Analysis of the knowledge base shows extensive use of MF terms in the biological_processes field:

59 unique GO MF terms are currently used across disorder files, including:

GO ID Label Example Disorders
GO:0004672 protein kinase activity ALK_Rearranged_NSCLC, BRAF_V600E_Mutant_NSCLC, RET_Rearranged_NSCLC
GO:0004725 protein tyrosine phosphatase activity Noonan_Syndrome
GO:0004713 protein tyrosine kinase activity Chronic_Myeloid_Leukemia, FLT3_Mutant_AML, Ph_Positive_ALL
GO:0005088 Ras guanyl-nucleotide exchange factor activity Noonan_Syndrome
GO:0008543 fibroblast growth factor receptor signaling pathway Achondroplasia, Apert_Syndrome, Crouzon_Syndrome

Example from Noonan_Syndrome.yaml (lines 43-47):

biological_processes:
- preferred_term: protein tyrosine phosphatase activity
  term:
    id: GO:0004725
    label: protein tyrosine phosphatase activity

This pattern is widespread and established across the knowledge base, particularly for:

  • Kinase/phosphatase activities (signaling pathology)
  • GEF/GAP activities (RAS pathway disorders)
  • Receptor signaling activities (growth factor pathway disorders)

The Problem

Namespace ambiguity: The biological_processes field name suggests BP terms only, but:

  1. Current practice: MF terms are actively and appropriately used for enzyme activities
  2. Biological accuracy: Many pathophysiology mechanisms are best represented as aberrant molecular activities (kinase activity, phosphatase activity) rather than processes
  3. GO term stability: The maintainer notes some BP terms may be deprecated, favoring MF terms for molecular activities
  4. No validation: The schema doesn't enforce BP-only usage, so MF terms validate successfully

Example conflict in Houge-Janssens Syndrome:

  • GO:0006470 (protein dephosphorylation) is a BP term describing a process
  • GO:0004722 (protein serine/threonine phosphatase activity) is an MF term describing an enzymatic function
  • The notes mention GO:0004722 but use GO:0006470 in the structured annotation

Options for Resolution

Option 1: Rename biological_processesbiological_terms or go_terms (Minimal disruption)

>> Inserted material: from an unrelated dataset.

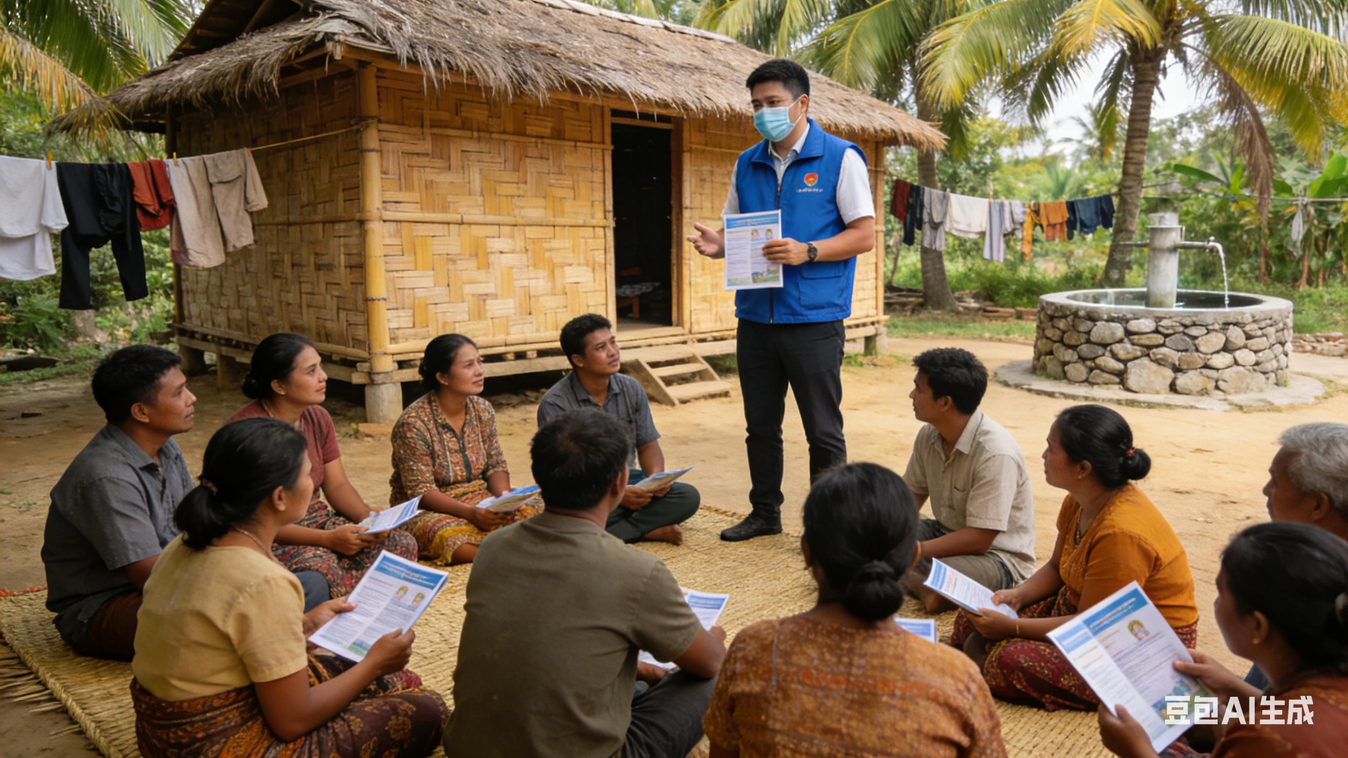 把卫生志愿者安排在泰国清迈的偏远村落,让骑着摩托车的他们挨家挨户去发放宣传单,还要用当地语言讲解尼帕病毒的早期症状,这些共有500人的志愿者,其一天过程里要走访超过2000户家庭,目的是提醒村民不要去捡拾被果蝠啃咬过的水果。
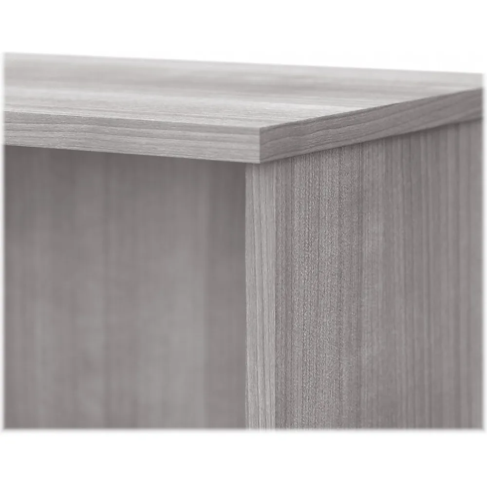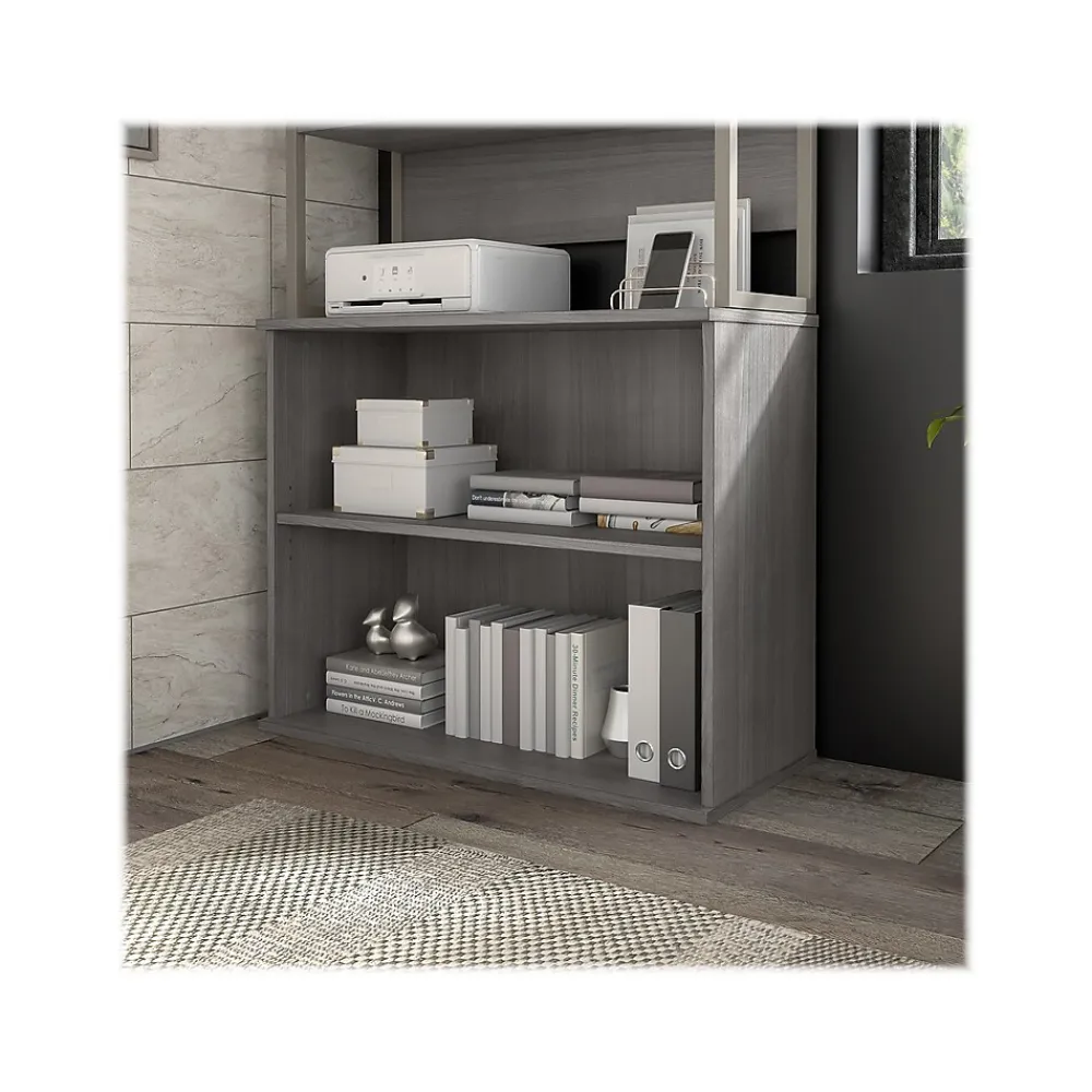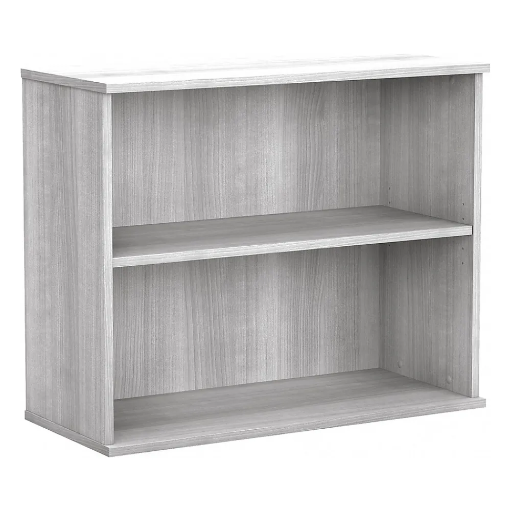 The Bush Business Furniture Hybrid small two-shelf bookcase offers a stylish, long-lasting storage and display solution for the modern professional. Organize books and other reference materials, or give your workspace a personal touch with pictures and decorations on shelves that support up to 50 lbs. each. One shelf is fixed for stability, while the other can be raised or lowered to accommodate items of various sizes. The low bookcase’s stable design and included wall attachment hardware make it a safe choice for use in virtually any home or professional office environment. Find the perfect look for your space with five contemporary finish options: black walnut, modern hickory, platinum gray, storm gray, and white. This small bookcase has been meticulously tested to meet or exceed ANSI/BIFMA quality standards for safety, durability, and performance and is backed by the Bush Business Furniture 10-year manufacturer warranty. See the full Hybrid collection for coordinating items to enhance your workspace as needed, including computer desks, file cabinets, and storage cabinets (coordinating items sold separately). American-made with US and imported parts.

Description: Allow both BP and MF terms in a single field with a namespace-agnostic name.

Pros:

  • ✅ Minimal schema changes (rename slot, update description)
  • ✅ No disruption to existing 59 MF term annotations
  • ✅ Aligns with current practice
  • ✅ Simple for curators (one field for GO terms)

Cons:

  • ❌ Loses semantic distinction between processes and functions
  • ❌ May mix conceptually different levels ("MAPK cascade" vs "kinase activity")
  • ❌ Doesn't guide curators on which term type to prefer

Implementation:

# In Pathophysiology class
go_terms:  # or biological_terms
  multivalued: true
  range: BiologicalTermDescriptor  # rename class
  description: GO terms (biological processes or molecular functions) relevant to this pathophysiological mechanism

Option 2: Add separate molecular_functions field (Explicit separation)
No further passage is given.